Research

Epigenetic histone modifications of human transposable elements: genome defense versus exaptation

Ahsan Huda¹ , Leonardo Mariño-Ramírez^2,3 and I King Jordan¹

¹  School of Biology, Georgia Institute of Technology, 310 Ferst Drive, Atlanta, GA 30332, USA

²  National Center for Biotechnology Information, National Library of Medicine, National Institutes of Health, Bethesda, MD 20894, USA

³  Computational Biology and Bioinformatics Unit, Biotechnology and Bioindustry Center, Corporacion Colombiana de Investigacion, Agropecuaria - CORPOICA, Km 14 Via a Mosquera, Bogota, Colombia

author email corresponding author email

Mobile DNA 2010, 1:2doi:10.1186/1759-8753-1-2

Published:	25 January 2010

Abstract

Background

Transposition is disruptive in nature and, thus, it is imperative for host genomes to evolve mechanisms that suppress the activity of transposable elements (TEs). At the same time, transposition also provides diverse sequences that can be exapted by host genomes as functional elements. These notions form the basis of two competing hypotheses pertaining to the role of epigenetic modifications of TEs in eukaryotic genomes: the genome defense hypothesis and the exaptation hypothesis. To date, all available evidence points to the genome defense hypothesis as the best explanation for the biological role of TE epigenetic modifications.

Results

We evaluated several predictions generated by the genome defense hypothesis versus the exaptation hypothesis using recently characterized epigenetic histone modification data for the human genome. To this end, we mapped chromatin immunoprecipitation sequence tags from 38 histone modifications, characterized in CD4+ T cells, to the human genome and calculated their enrichment and depletion in all families of human TEs. We found that several of these families are significantly enriched or depleted for various histone modifications, both active and repressive. The enrichment of human TE families with active histone modifications is consistent with the exaptation hypothesis and stands in contrast to previous analyses that have found mammalian TEs to be exclusively repressively modified. Comparisons between TE families revealed that older families carry more histone modifications than younger ones, another observation consistent with the exaptation hypothesis. However, data from within family analyses on the relative ages of epigenetically modified elements are consistent with both the genome defense and exaptation hypotheses.
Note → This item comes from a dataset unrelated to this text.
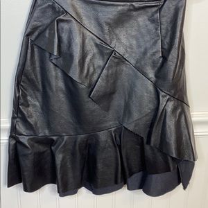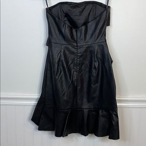 Leather Black Mini Dress with Ruffle Detailing and Strapless

Finally, TEs located proximal to genes carry more histone modifications than the ones that are distal to genes, as may be expected if epigenetically modified TEs help to regulate the expression of nearby host genes.

Conclusions

With a few exceptions, most of our findings support the exaptation hypothesis for the role of TE epigenetic modifications when vetted against the genome defense hypothesis. The recruitment of epigenetic modifications may represent an additional mechanism by which TEs can contribute to the regulatory functions of their host genomes.